Try it
Pictures in the material below are to be left out, and only the lines from the line with "6、查看武器名称 / 伤害值" up to and including the line with "English yew the" are to be written out exactly.

Source information
◆ ◆ ◆ ◆
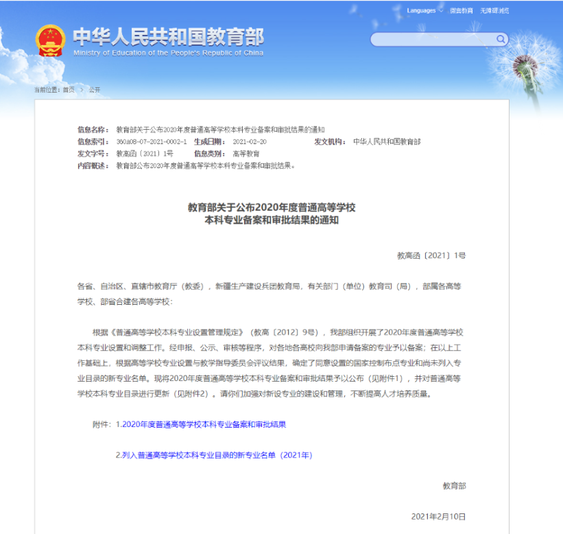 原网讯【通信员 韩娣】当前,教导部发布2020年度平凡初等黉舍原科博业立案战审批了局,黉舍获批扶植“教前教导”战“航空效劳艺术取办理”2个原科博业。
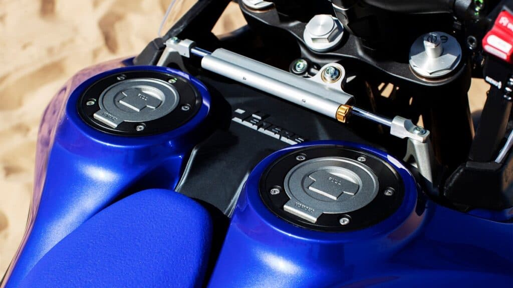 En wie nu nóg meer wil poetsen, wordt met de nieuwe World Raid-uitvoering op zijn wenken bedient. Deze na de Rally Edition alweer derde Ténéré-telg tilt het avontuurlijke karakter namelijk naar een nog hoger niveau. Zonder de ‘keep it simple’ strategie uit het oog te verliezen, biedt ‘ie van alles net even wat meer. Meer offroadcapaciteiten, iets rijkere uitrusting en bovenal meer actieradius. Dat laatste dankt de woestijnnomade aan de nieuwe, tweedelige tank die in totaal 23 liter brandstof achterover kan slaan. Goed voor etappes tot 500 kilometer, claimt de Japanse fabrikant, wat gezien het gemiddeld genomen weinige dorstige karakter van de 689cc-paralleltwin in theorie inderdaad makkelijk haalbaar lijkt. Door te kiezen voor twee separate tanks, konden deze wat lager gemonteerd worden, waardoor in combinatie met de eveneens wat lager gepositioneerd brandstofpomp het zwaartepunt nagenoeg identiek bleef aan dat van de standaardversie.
◆ ◆ ◆ ◆
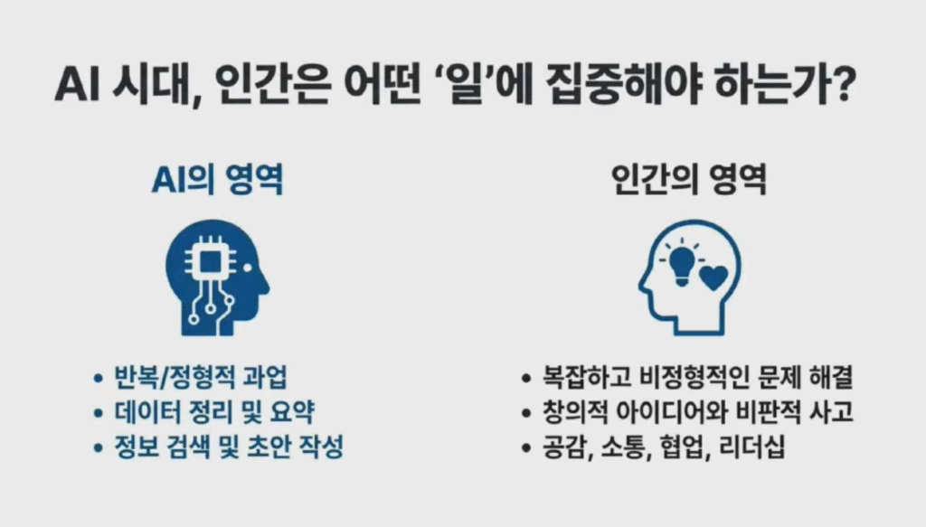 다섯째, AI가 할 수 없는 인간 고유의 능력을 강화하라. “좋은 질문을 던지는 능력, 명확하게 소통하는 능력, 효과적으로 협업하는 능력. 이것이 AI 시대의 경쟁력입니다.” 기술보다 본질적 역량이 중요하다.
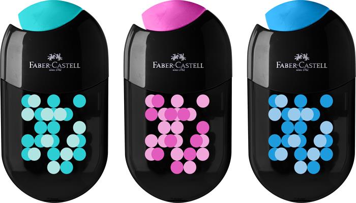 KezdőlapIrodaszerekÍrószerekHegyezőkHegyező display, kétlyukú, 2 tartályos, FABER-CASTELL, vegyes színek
◆ ◆ ◆ ◆
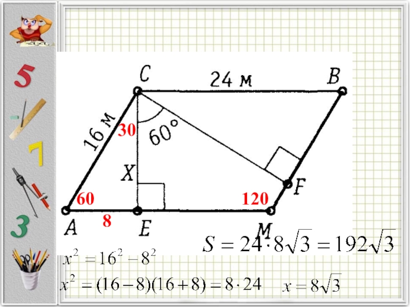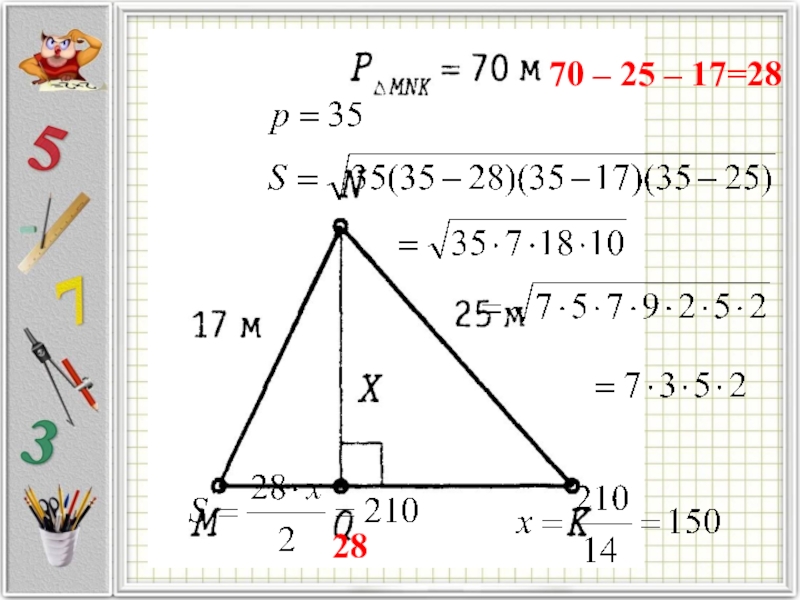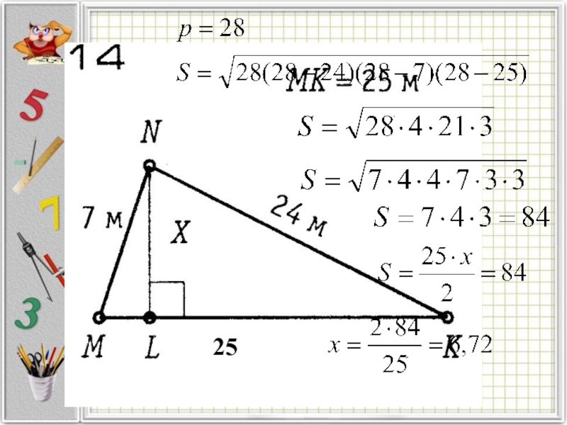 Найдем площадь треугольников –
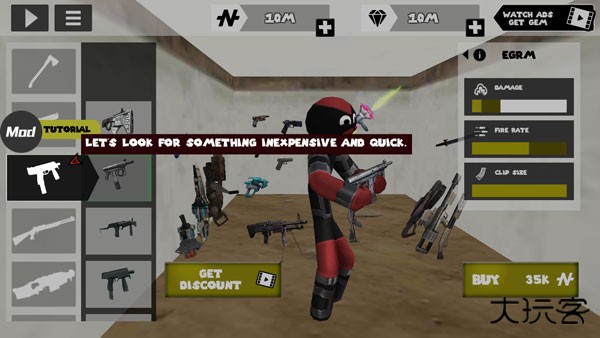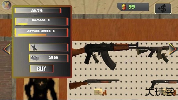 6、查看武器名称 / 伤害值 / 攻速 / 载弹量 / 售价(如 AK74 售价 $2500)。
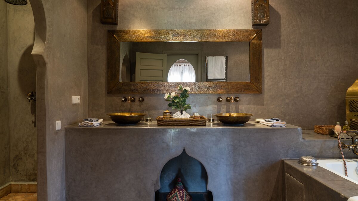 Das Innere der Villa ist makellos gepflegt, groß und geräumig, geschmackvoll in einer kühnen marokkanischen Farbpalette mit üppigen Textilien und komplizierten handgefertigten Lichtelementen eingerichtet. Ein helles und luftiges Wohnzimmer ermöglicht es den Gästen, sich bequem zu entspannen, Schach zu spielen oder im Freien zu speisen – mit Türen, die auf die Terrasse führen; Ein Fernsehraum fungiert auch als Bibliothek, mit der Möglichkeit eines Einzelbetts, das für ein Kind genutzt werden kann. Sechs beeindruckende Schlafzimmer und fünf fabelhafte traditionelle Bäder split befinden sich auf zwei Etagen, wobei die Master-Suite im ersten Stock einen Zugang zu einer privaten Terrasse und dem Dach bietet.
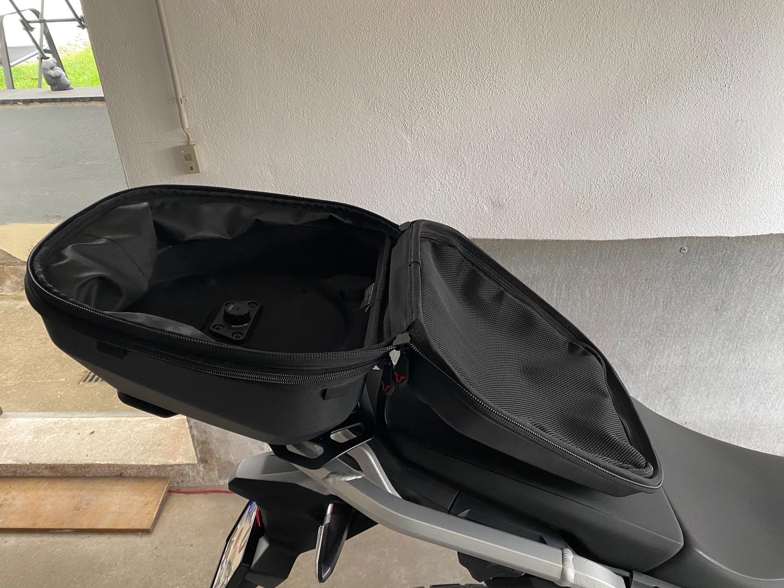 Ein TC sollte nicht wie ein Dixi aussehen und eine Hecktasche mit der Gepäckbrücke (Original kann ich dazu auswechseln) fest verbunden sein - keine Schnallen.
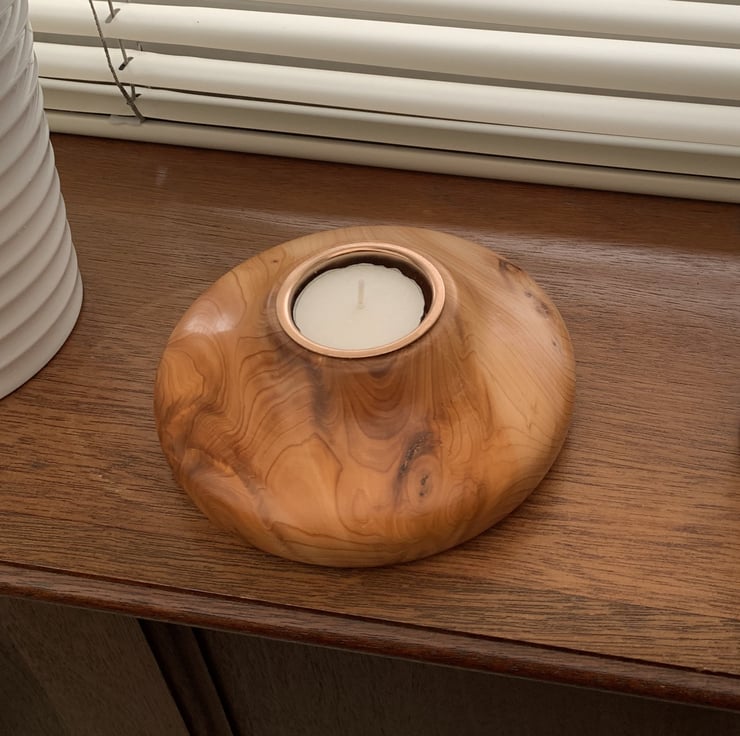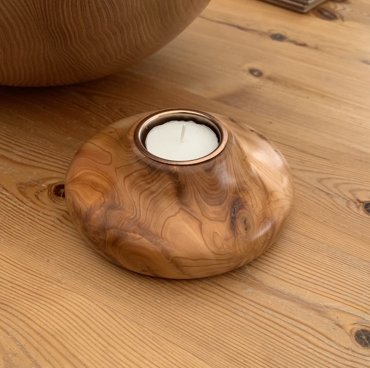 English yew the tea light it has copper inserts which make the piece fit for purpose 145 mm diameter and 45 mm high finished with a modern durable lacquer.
◆ ◆ ◆ ◆
Written reply
 6、查看武器名称 / 伤害值 / 攻速 / 载弹量 / 售价(如 AK74 售价 $2500)。
 Das Innere der Villa ist makellos gepflegt, groß und geräumig, geschmackvoll in einer kühnen marokkanischen Farbpalette mit üppigen Textilien und komplizierten handgefertigten Lichtelementen eingerichtet. Ein helles und luftiges Wohnzimmer ermöglicht es den Gästen, sich bequem zu entspannen, Schach zu spielen oder im Freien zu speisen – mit Türen, die auf die Terrasse führen; Ein Fernsehraum fungiert auch als Bibliothek, mit der Möglichkeit eines Einzelbetts, das für ein Kind genutzt werden kann. Sechs beeindruckende Schlafzimmer und fünf fabelhafte traditionelle Bäder split befinden sich auf zwei Etagen, wobei die Master-Suite im ersten Stock einen Zugang zu einer privaten Terrasse und dem Dach bietet.
 Ein TC sollte nicht wie ein Dixi aussehen und eine Hecktasche mit der Gepäckbrücke (Original kann ich dazu auswechseln) fest verbunden sein - keine Schnallen.
 English yew the tea light it has copper inserts which make the piece fit for purpose 145 mm diameter and 45 mm high finished with a modern durable lacquer.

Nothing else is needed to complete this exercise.